Listed entries Start Marker

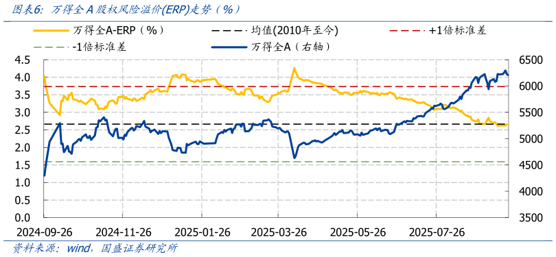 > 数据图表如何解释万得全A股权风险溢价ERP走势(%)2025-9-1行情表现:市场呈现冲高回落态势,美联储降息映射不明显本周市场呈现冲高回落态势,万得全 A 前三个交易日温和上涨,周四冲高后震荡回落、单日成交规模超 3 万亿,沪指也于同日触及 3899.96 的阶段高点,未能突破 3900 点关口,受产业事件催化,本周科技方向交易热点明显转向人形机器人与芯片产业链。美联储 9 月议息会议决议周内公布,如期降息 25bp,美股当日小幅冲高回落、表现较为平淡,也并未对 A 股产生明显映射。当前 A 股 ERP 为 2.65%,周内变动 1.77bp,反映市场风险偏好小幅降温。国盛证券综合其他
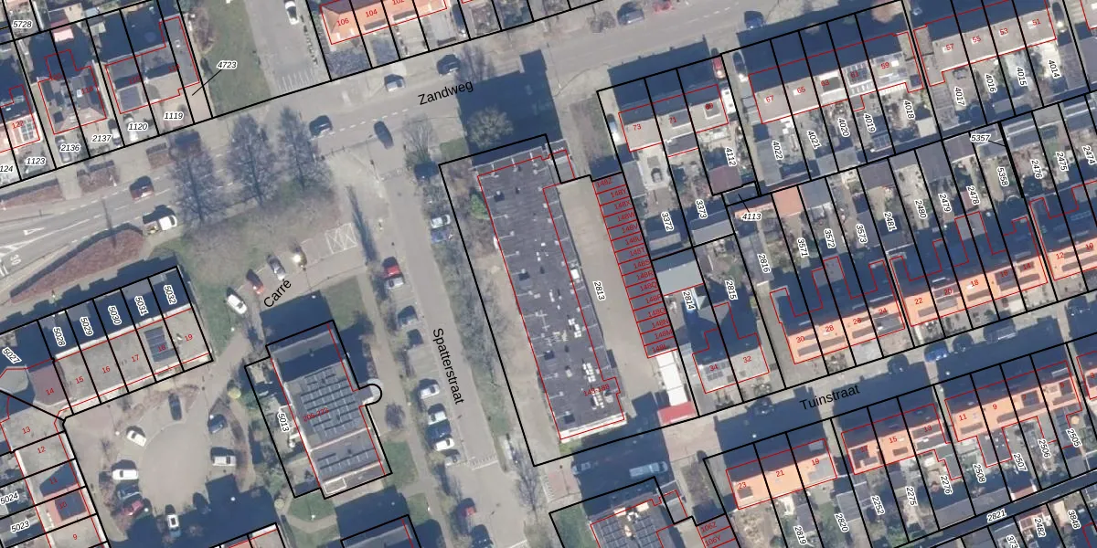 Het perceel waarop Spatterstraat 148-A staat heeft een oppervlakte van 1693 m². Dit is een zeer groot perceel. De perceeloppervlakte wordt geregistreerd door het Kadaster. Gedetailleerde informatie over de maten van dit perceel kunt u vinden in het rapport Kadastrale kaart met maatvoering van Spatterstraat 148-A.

Listed entries End Marker
Listed entries Start Marker

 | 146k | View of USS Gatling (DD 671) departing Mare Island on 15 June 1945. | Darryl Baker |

Listed entries End Marker

Problem: When you reach the line that has "为 2.65%,周内变动 1.77bp,反映市场风险偏好小幅降温。国盛证券综合其他" in the data above, start repeating lines exactly, and stop after the line that has "Het perceel waarop"; pictures stay out.

Answer for this exercise:
 > 数据图表如何解释万得全A股权风险溢价ERP走势(%)2025-9-1行情表现:市场呈现冲高回落态势,美联储降息映射不明显本周市场呈现冲高回落态势,万得全 A 前三个交易日温和上涨,周四冲高后震荡回落、单日成交规模超 3 万亿,沪指也于同日触及 3899.96 的阶段高点,未能突破 3900 点关口,受产业事件催化,本周科技方向交易热点明显转向人形机器人与芯片产业链。美联储 9 月议息会议决议周内公布,如期降息 25bp,美股当日小幅冲高回落、表现较为平淡,也并未对 A 股产生明显映射。当前 A 股 ERP 为 2.65%,周内变动 1.77bp,反映市场风险偏好小幅降温。国盛证券综合其他
 Het perceel waarop Spatterstraat 148-A staat heeft een oppervlakte van 1693 m². Dit is een zeer groot perceel. De perceeloppervlakte wordt geregistreerd door het Kadaster. Gedetailleerde informatie over de maten van dit perceel kunt u vinden in het rapport Kadastrale kaart met maatvoering van Spatterstraat 148-A.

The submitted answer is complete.